A “bad actor” lawsuit filed against Coeur d’Alene-based Hecla Mining Co. by a coalition of tribes and environmental groups has been voluntarily dismissed as a result of the recent abrupt retirement of Hecla’s former CEO Phillips Baker Jr.
The suit had sought to block Hecla’s attempts to obtain exploration and mining permits for its silver and copper Libby Exploration Project, in the Cabinet Mountains of northwest Montana.
The suit had alleged that Baker was a “bad actor” because, prior to heading Hecla, he had once led Pegasus Gold, which filed for bankruptcy protection in 1998 and defaulted on cleanup projects at three Montana mines.
The plaintiffs claimed that, under the Montana Metal Mines Reclamation Act, such a default bars the state from issuing exploration and mining permits to any company led by Baker.
“With the dismissal of the ‘bad actor’ lawsuit, (Hecla) is focused on advancing permitting of the Libby Exploration Project,” the mining company says in a press release.
The project site is 23 miles south of Libby, in Lincoln County, Montana, about 50 miles north of Hecla’s Lucky Friday Mine, in Murray, Idaho.

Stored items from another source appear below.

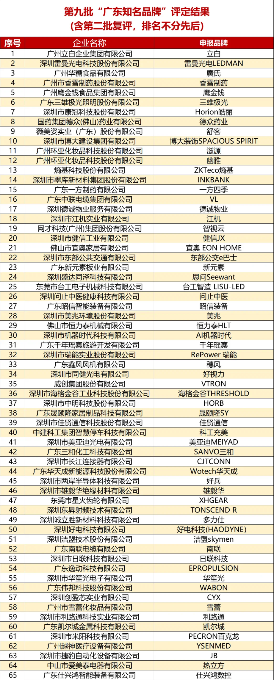 据悉,论坛现场揭晓了第九批广东知名品牌评定名单,立白、雷曼光电LEDMAN、廣氏、香雪制药、鹰金钱、三雄极光、Horion皓丽、德众药业、舒客、博大装饰SPACIOUS SPIRIT、滋源、幽雅、ZKTeco熵基、INKBANK、一方四季、VL、德诚物业、江机、智视云、健信JX、EON HOME宜奥、东部公交e巴士、新元素、思问Seewant、台工智造 LISU-LED、问止中医、昭信装备、美兆、HLT恒力泰、AI机器时代、千年瑶寨、RePower 瑞能、穗风、好视力、VTRON、海格金谷THRESHOLD、HORB、晟颐隆SY、佳贤通信、科工充美、美亚迪MEIYAD、SANVO三和、CJTCONN、Wotech华天成、两岸半导体、雄毅华、XHGEAR、TONSCEND R、多力仕、好电科技(HAODYNE)、洁盟skymen、南联、日联科技、EPROPULSION、华笙光、WABON、CYX、雪蕾、利路通、凯尔城、PECRON百克龙、YSENMED、JB、热立方、仕兴鸿数控等65个品牌上榜(含复评)。
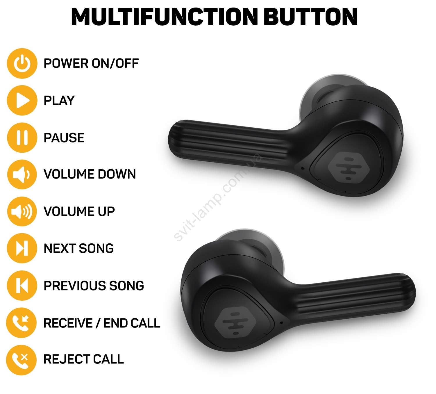 Многофункциональная сенсорная кнопка на каждом наушнике для комплексного управления (включение/выключение, сопряжение, пауза, воспроизведение, переключение треков, приём, завершение и отклонение звонков, управление голосовыми ассистентами Siri и Google).
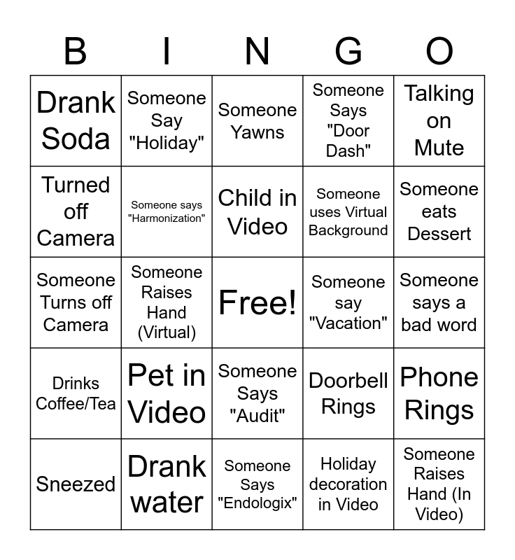This bingo card has a free space and 24 words: Pet in Video, Drank water, Child in Video, Sneezed, Talking on Mute, Drank Soda, Turned off Camera, Someone Say "Holiday", Someone say "Vacation", Someone Says "Audit", Someone uses Virtual Background, Someone Turns off Camera, Doorbell Rings, Phone Rings, Someone says "Harmonization", Holiday decoration in Video, Someone says a bad word, Someone Yawns, Someone eats Dessert, Someone Raises Hand (Virtual), Someone Raises Hand (In Video), Drinks Coffee/Tea, Someone Says "Door Dash" and Someone Says "Endologix".
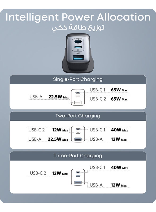 | What's In The Box | Anker 735 Charger (Nano II 65W) / PowerPort III 3-Port 65W Pod, welcome guide |
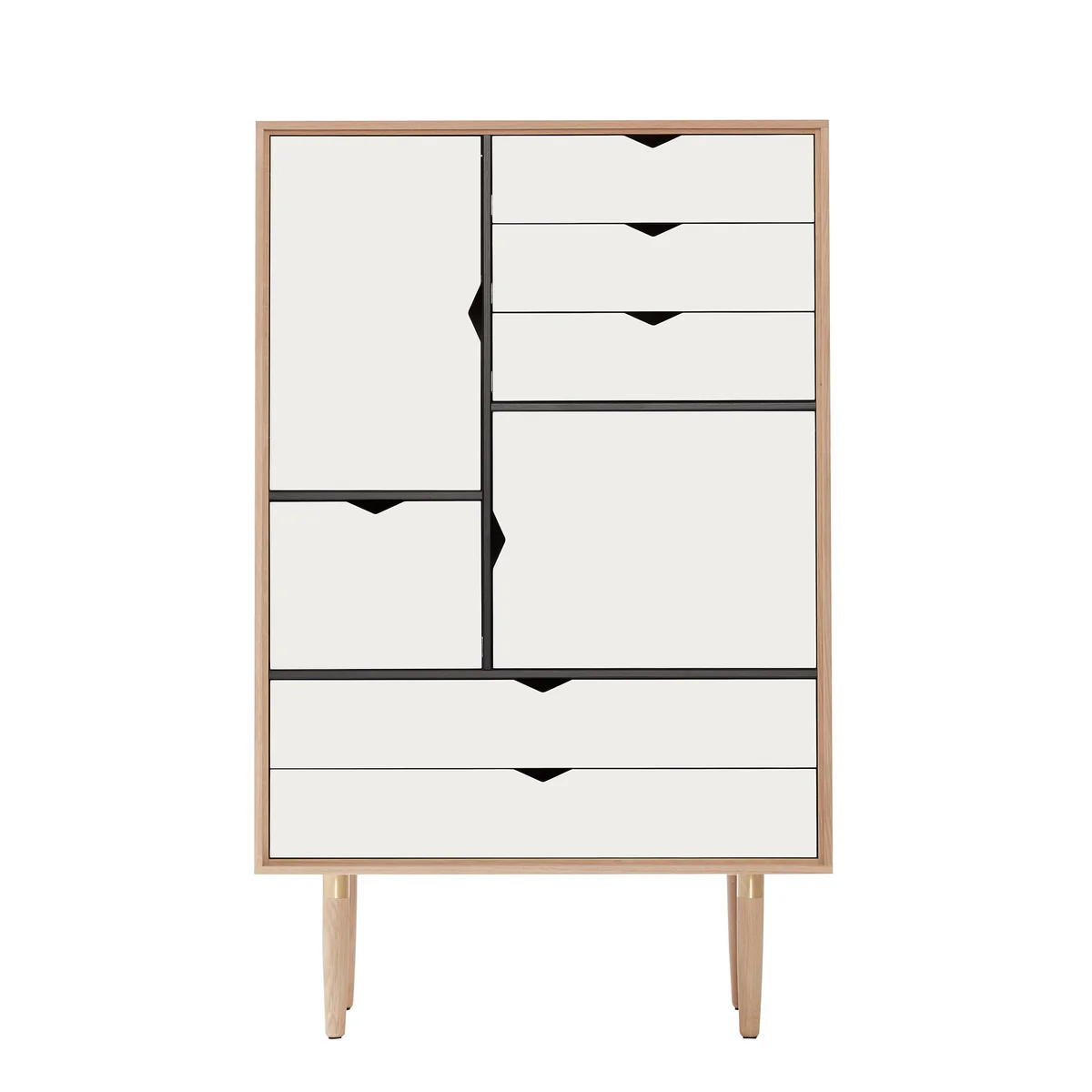 Die S5 Kommode mit einfarbiger Front von Andersen Furniture ist die schmale Version der S3 Kommode und somit optimal für kleinere Wohnräume. Die Idee zu den Kommoden stammt von byKATO, die sich von klassischen Sekretären aus Dänemark inspirieren ließen.
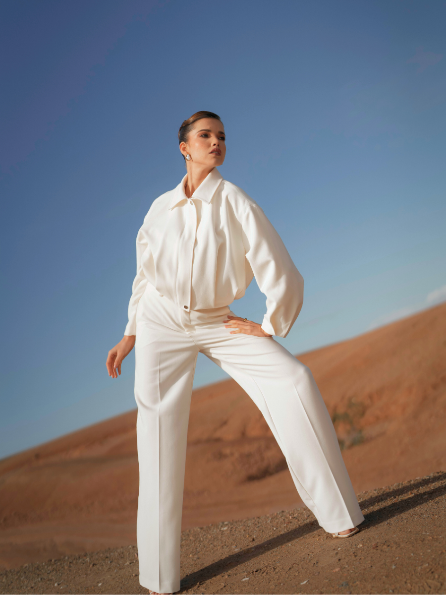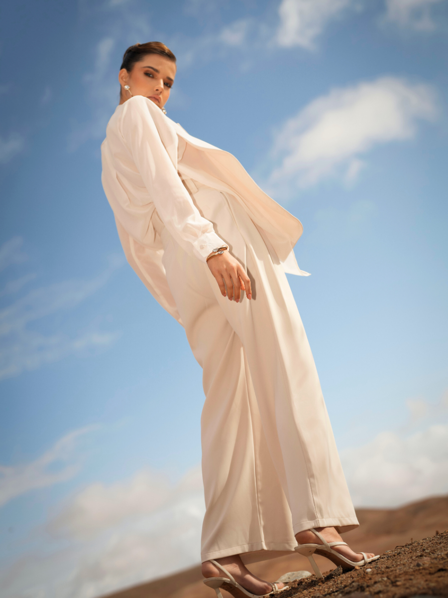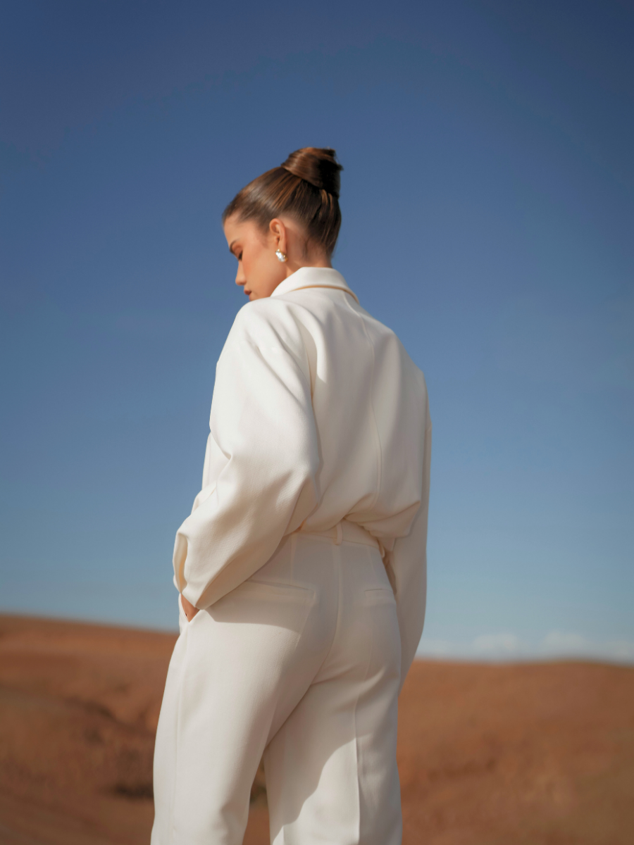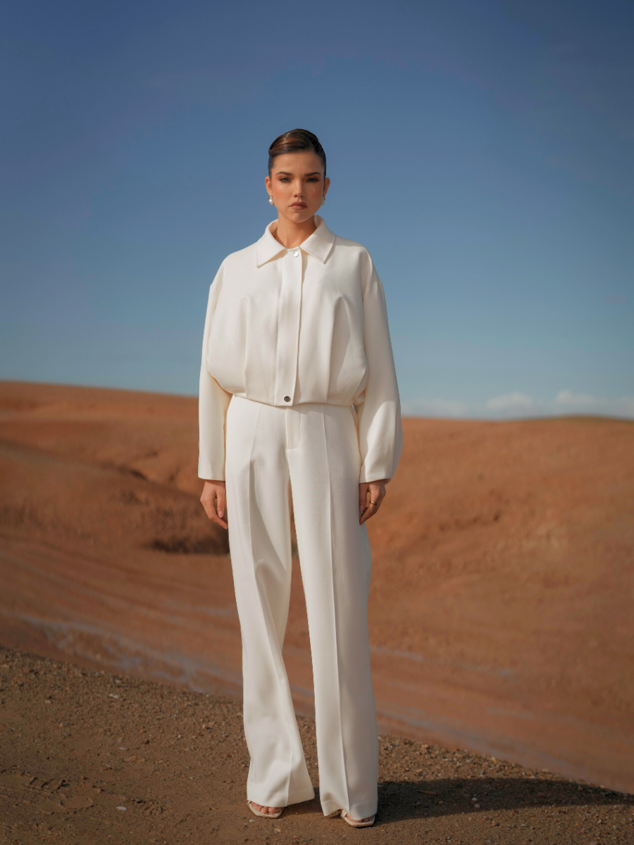 Calças de alfaiataria com cintura subida e perna larga de queda fluida, que alonga visualmente a silhueta. O corte reto e o tecido estruturado garantem conforto e sofisticação, mantendo um visual contemporâneo e intemporal. Ideais para usar em conjunto com o blazer ou separadamente.

Meantime, environmental law group Earthjustice, which represents many of the tribes and organizations in the original suit, vows to continue to oppose mining proposals in the Cabinets.
“Regardless of what mining company or mining executive arrives next on the scene to push through an ill-conceived mining scheme, we will be ready to protect the Cabinet Mountains Wilderness and our clean water,” Mary Costello of the Rock Creek Alliance says in a press release issued by Earthjustice.